▶ [What is being asked] Restate word for word the lines of the listing below, from its first line through the line with "a leather handle.", without the pictures.

▶ [Recorded information]
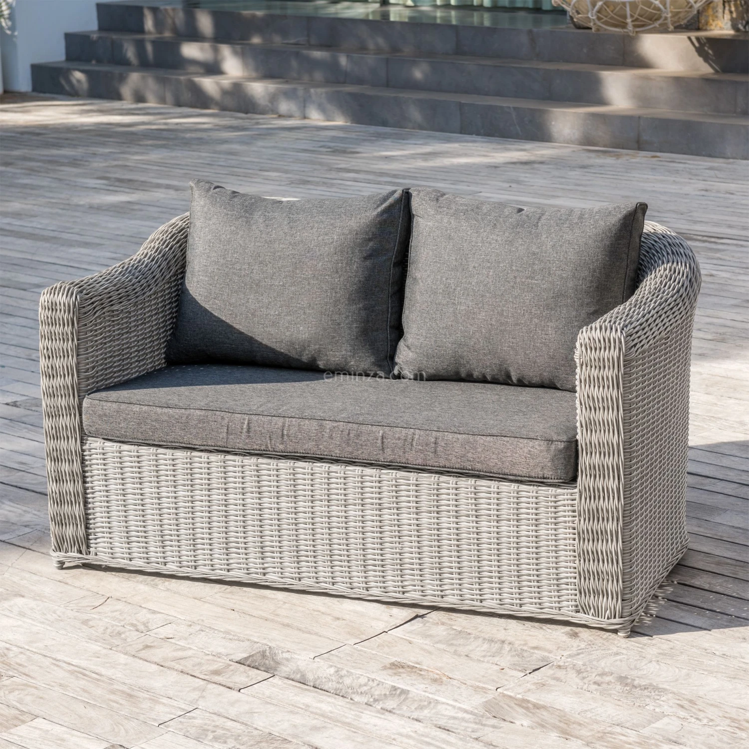 Couleur : gris et coussins gris foncés.
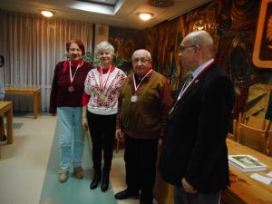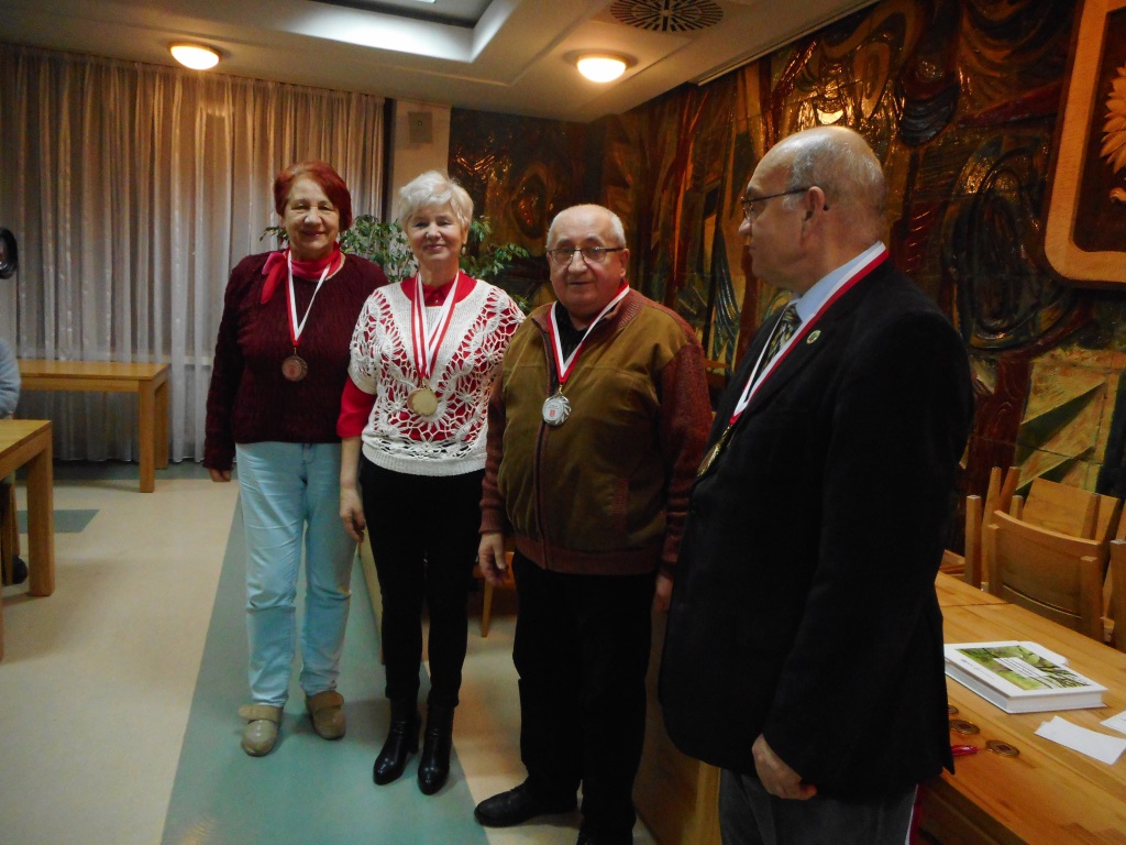 Czwartkowe spotkanie było okazją do wręczenia nagród, medali, odznaczeń. I tak Basia Bruzgo uhonorowana została Medalem 75-lecia Zasługi Dla LOK, Małgosia Sachnowska otrzymała nagrodę książkowa, za wygranie konkursu o firmie Wipasz, medale wręczono zwycięzcom Sylwestrowych Zawodów Strzeleckich oraz członkom Koła / którzy nie mogli odebrać wcześniej/ za ukończenie „Rajdu na Azymut” oraz medale 101 Rocznicę Niepodległości.
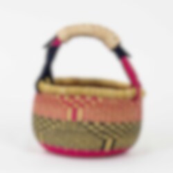 This tiny "Bolga basket" is the baby variant of the traditional shopping basket. This one too has a leather handle.
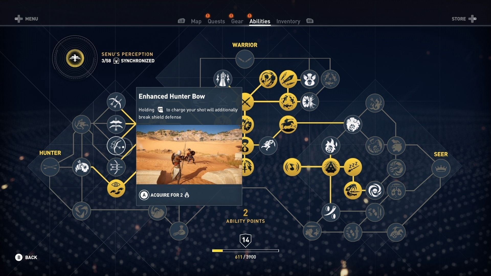 Este Assassin's Creed se siente más que nunca como un RPG, algo que en nuestra opinión le sienta muy bien. Nos dejan muy claro en todo momento el nivel de los enemigos y el de las misiones para saber cuáles son nuestros límites a la hora de avanzar o afrontar ciertas situaciones, y hay multitud de armas y equipamiento, que solo podemos equipar si tenemos el nivel suficiente. Si nuestro personaje es de nivel 15 y tenemos disponible una misión de nivel 17, es mejor no afrontarla o tendremos verdaderas dificultades, así que es mejor mejorar a Bayek antes de intentarlo.
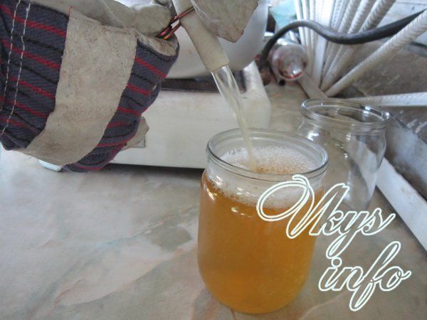 Полученную жидкость с сахаром нужно поставить на огонь, нагреть, пока не появятся первые пузырьки. Залить ее в стерилизованные банки, бутылки, закатать. Хранить продукт можно до 2 лет.
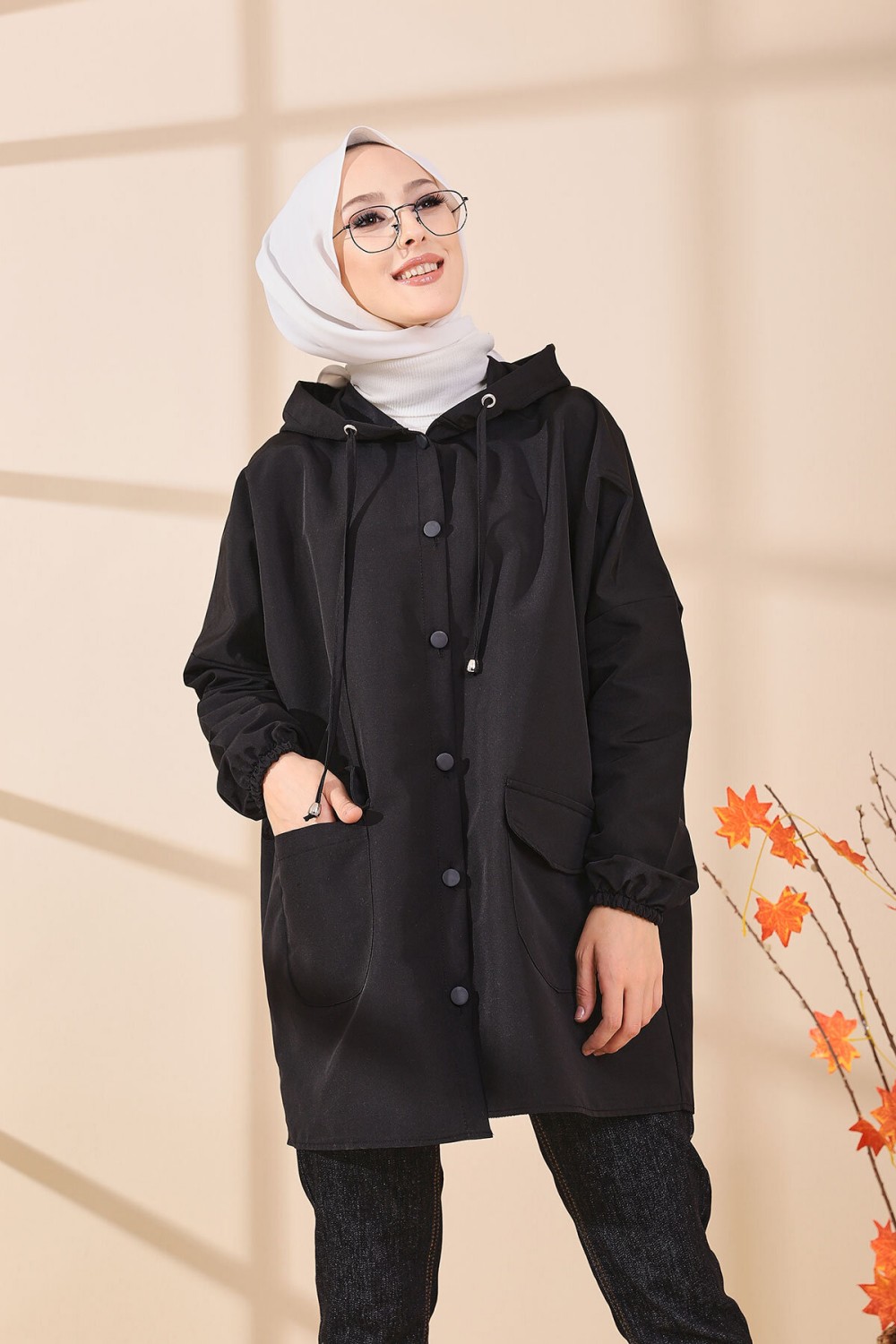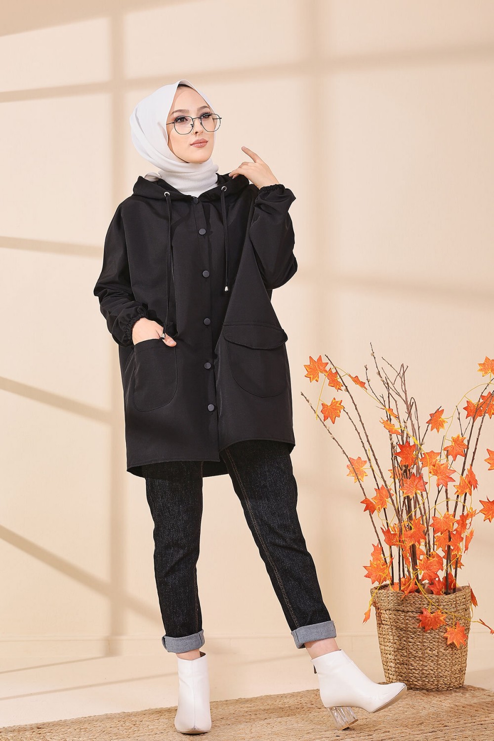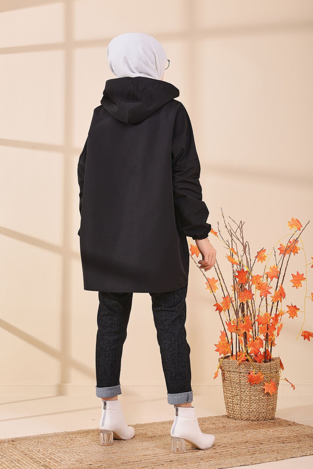 Tunique décontractée Sweat à capuche (Sweat-shirt femme voilée) - Couleur noir - REF. 32273 (18.00 €) - En Promotion à 14.90 €
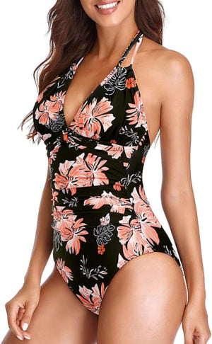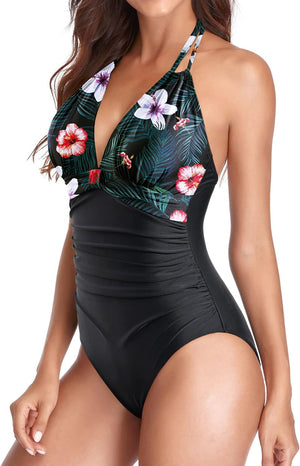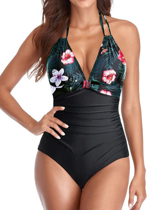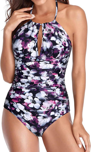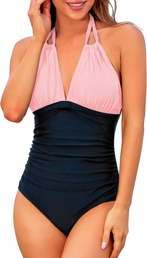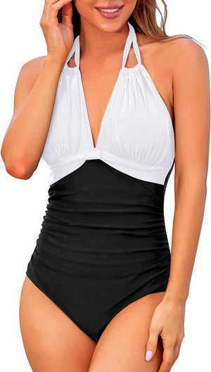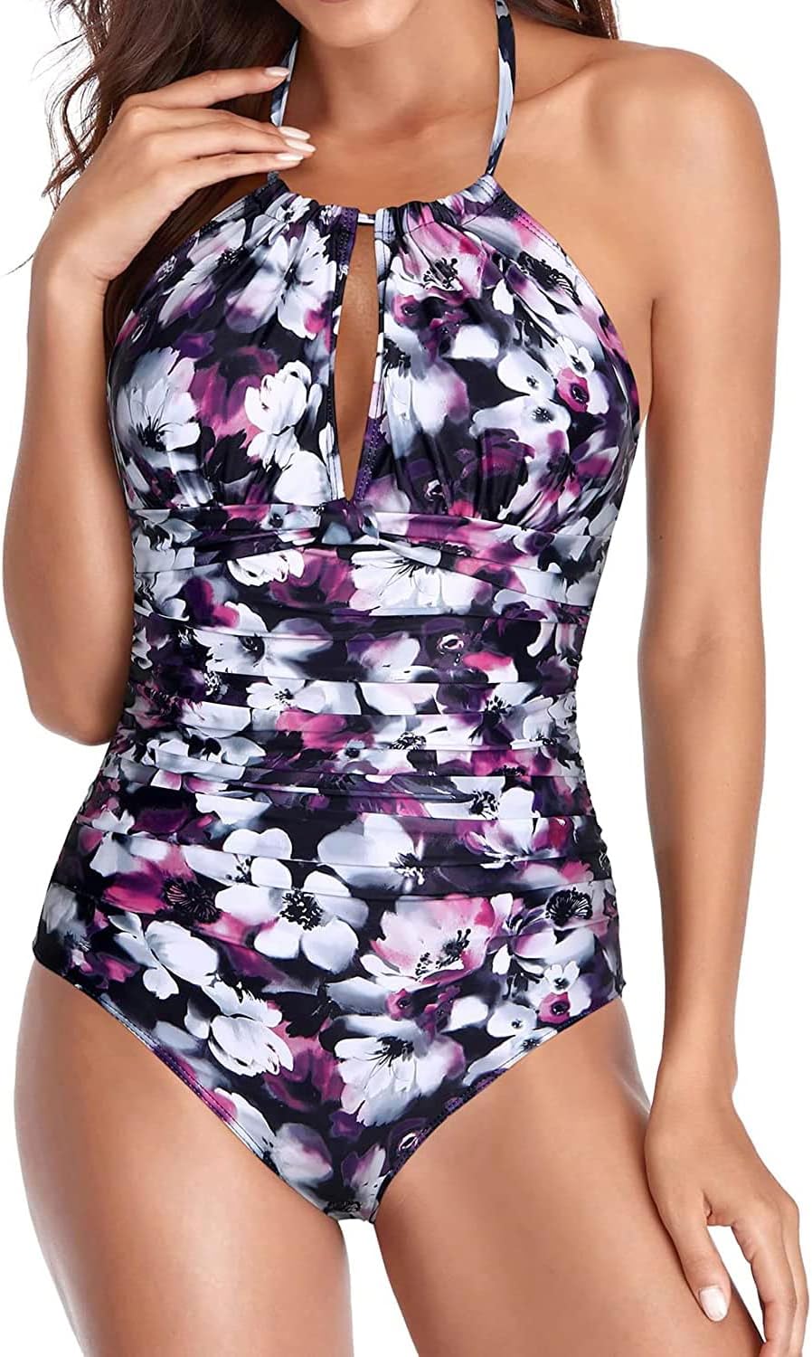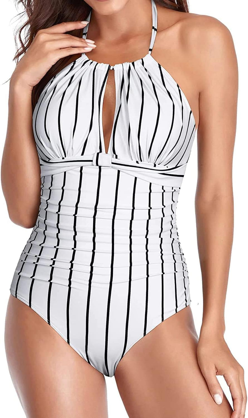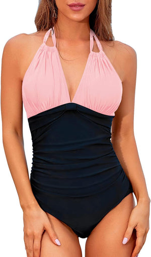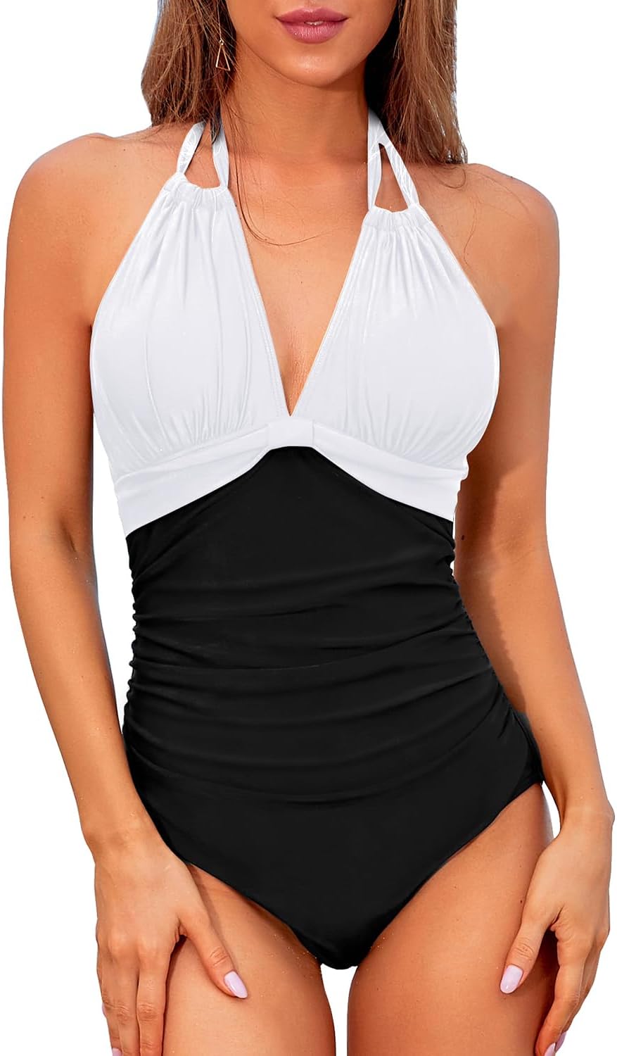 Tempt Me Women One Piece Swimsuits Tummy Control Halter Bathing Suits Sexy Ruched Slimming Swimwear
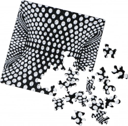 De puzzel Curiosi Shimmer: Illusie III zal iedereen bevallen die van designpuzzels houdt. Het originele motief met optische illusies springt direct in het oog en dankzij de ongewone vormen van de stukjes biedt het ook voor gevorderde puzzelaars veel plezier.
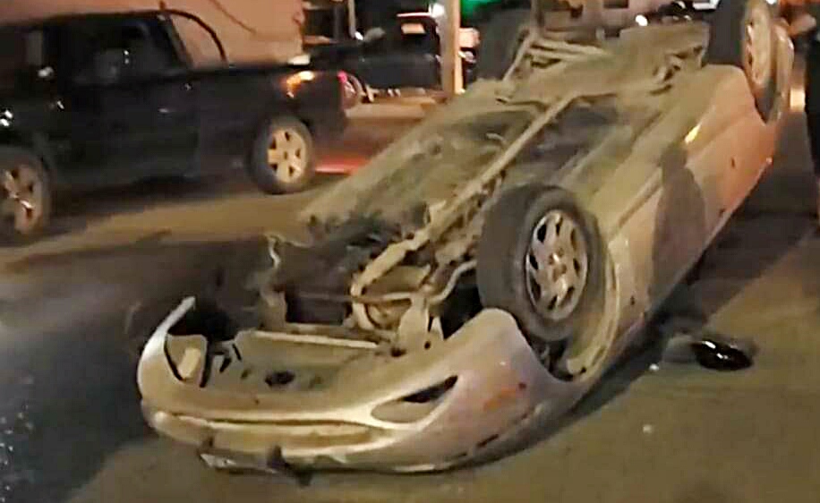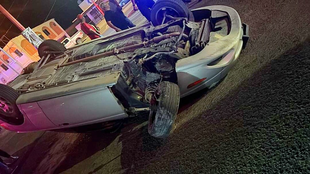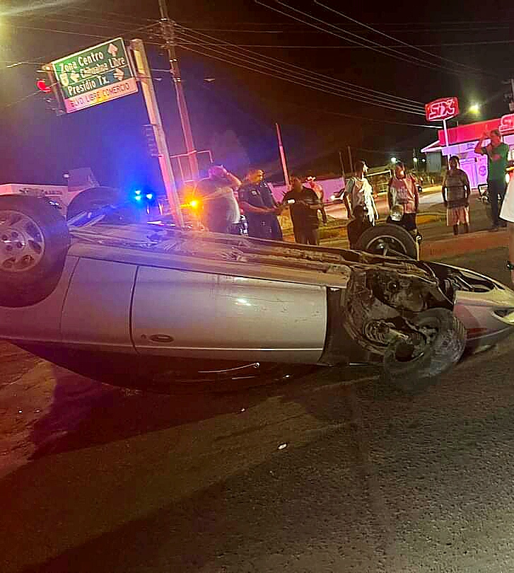 El vehículo con placas del estado de Chihuahua quedó volcado con neumáticos hacia arriba, al parecer fue por el exceso de velocidad.
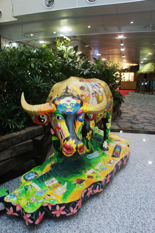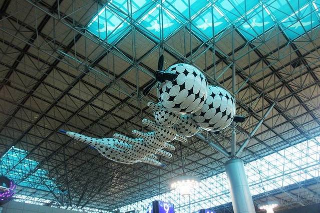 连接大陆的航班基本都在桃园机场,桃园机场有2座航站楼,我们坐的是台湾中华航空直飞北京的班机。秉承台湾“萌”社会的风格,桃园机场也有好多出巨萌巨可爱的展示台湾本土文化的候机展示厅,像阿里山啦,歌仔戏啦等等,机场里居然还有艺术展厅哦,真是不多见。
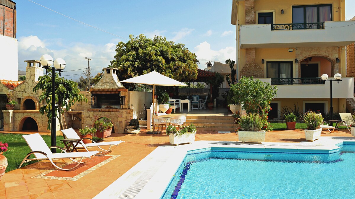 Seaside Apt in Gouves | pool, garden, BBQ
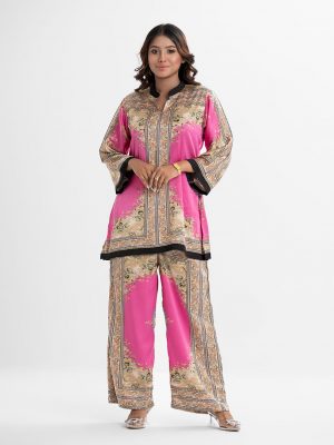 Pink Satin Top Bottom Set
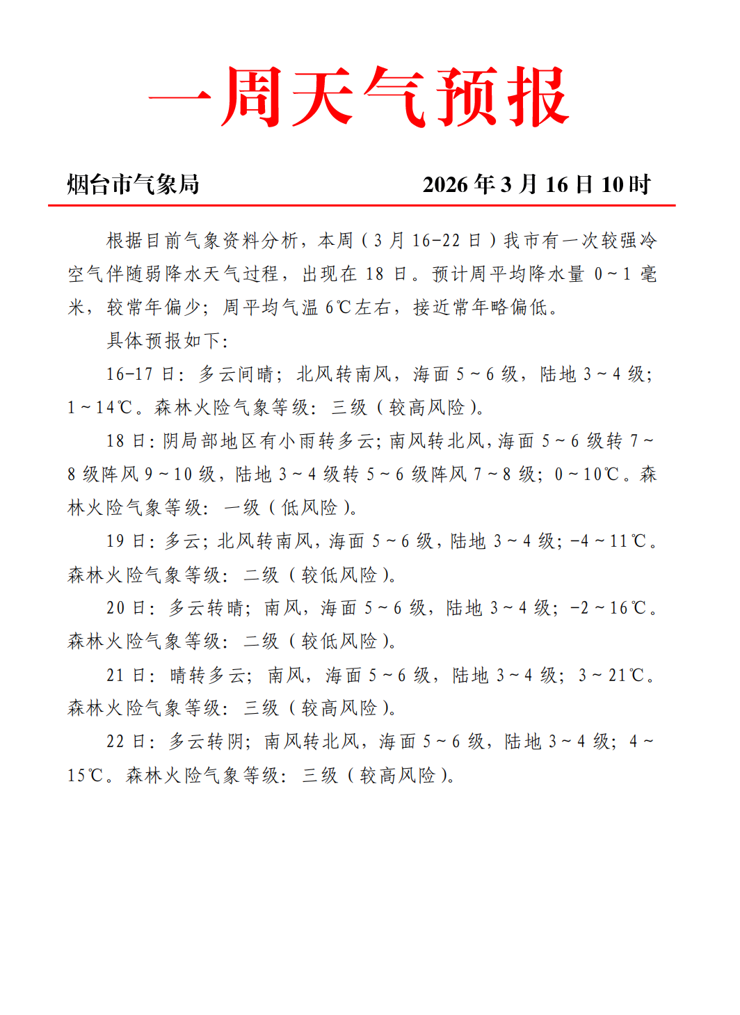 16—17日:多云间晴;北风转南风,海面5~6级,陆地3~4级;1~14℃。森林火险气象等级:三级(较高风险)。

▶ [Written solution]
 Couleur : gris et coussins gris foncés.
 Czwartkowe spotkanie było okazją do wręczenia nagród, medali, odznaczeń. I tak Basia Bruzgo uhonorowana została Medalem 75-lecia Zasługi Dla LOK, Małgosia Sachnowska otrzymała nagrodę książkowa, za wygranie konkursu o firmie Wipasz, medale wręczono zwycięzcom Sylwestrowych Zawodów Strzeleckich oraz członkom Koła / którzy nie mogli odebrać wcześniej/ za ukończenie „Rajdu na Azymut” oraz medale 101 Rocznicę Niepodległości.
 This tiny "Bolga basket" is the baby variant of the traditional shopping basket. This one too has a leather handle.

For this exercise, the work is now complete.